Colorado and Utah recently accepted invitations to join the Pac-10 in the conference's first expansion since 1978, necessitating many changes for when the league becomes a 12-team conference next July 1.

The most anticipated decision was the division alignment. The league decided to split the California schools, with Stanford and Cal playing in the North Division with Oregon, Oregon State, Washington and Washington State. UCLA and Southern California will be in the South with Arizona, Arizona State, Utah and Colorado.

But the conference did vote to keep the historic California rivalries. The Bay Area schools have played the Los Angeles schools every year since 1946 in rivalries that started long before that. Cal and Stanford will each play UCLA and USC every year in football.

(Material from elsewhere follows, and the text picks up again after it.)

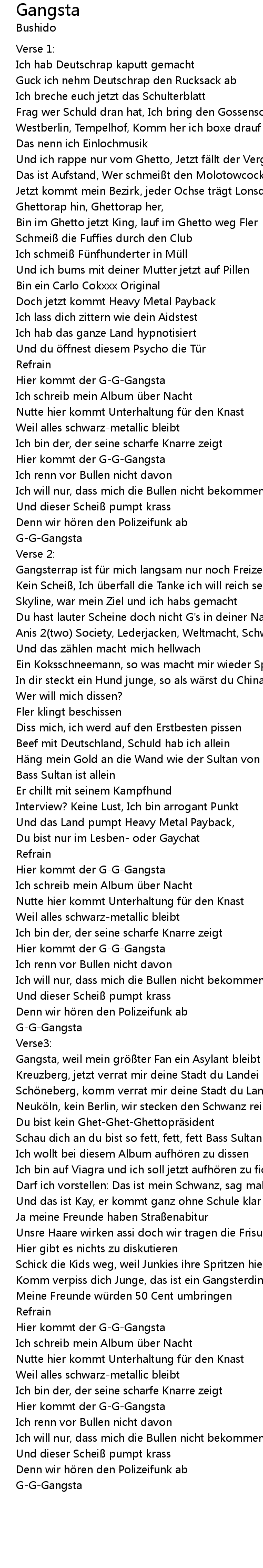 | Gangsta, weil mein größter Fan ein Asylant bleibt | |

The other cross-divisional games in the nine-game conference schedule will rotate, with the Oregon and Washington schools most likely playing in Los Angeles every other year as opposed to the current annual trips.

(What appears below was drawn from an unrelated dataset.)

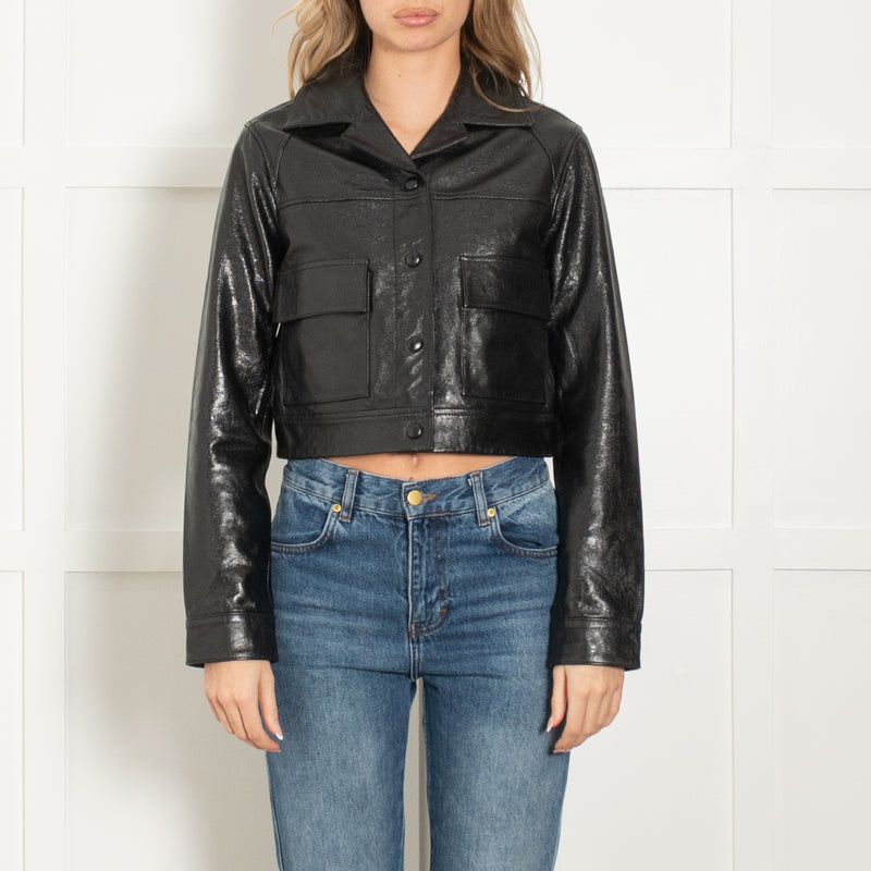 Citizens of Humanity Black Front Pockets Cropped Leather Jacket

http://sportsillustrated.cnn.com/2010/football/ncaa/10/21/pac-12-divisions.ap/index.html?eref=sihp

boomersooner82
10/21/2010, 03:57 PM
I think the most interesting thing is that the division winner with the best record gets to host the Conference Championship game. That sounds pretty cool.

jumperstop
10/21/2010, 04:02 PM
The talents seems a bit heavy in the Northern Division. Also I don't like this trend to have divisions, but to play a "rivalry" cross division game each year. Doesn't seem like it would be fair depending on the teams. The Big 10 is doing this too, just seems a bit uneven for certain teams.

badger
10/21/2010, 04:06 PM
I think the most interesting thing is that the division winner with the best record gets to host the Conference Championship game. That sounds pretty cool.

Oh wow... I suppose they go with the BCS then if the two teams have identical records?

tee hee... how soon do they switch that :D

bent rider
10/21/2010, 04:11 PM
The talents seems a bit heavy in the Northern Division. Also I don't like this trend to have divisions, but to play a "rivalry" cross division game each year. Doesn't seem like it would be fair depending on the teams. The Big 10 is doing this too, just seems a bit uneven for certain teams.

Not sure if I agree. Once Colo and Utah are in the Pac-12 they should get some help on recruiting, particularly Utah who is not currently AQ, yet is ranked #9.

The north has WSU and Washington, who has a solid history, but is nothing short of sucktastic in the last couple yrs (losses this year to Nebbish and 2-4 byu)

bent rider
10/21/2010, 04:13 PM
I think the most interesting thing is that the division winner with the best record gets to host the Conference Championship game. That sounds pretty cool.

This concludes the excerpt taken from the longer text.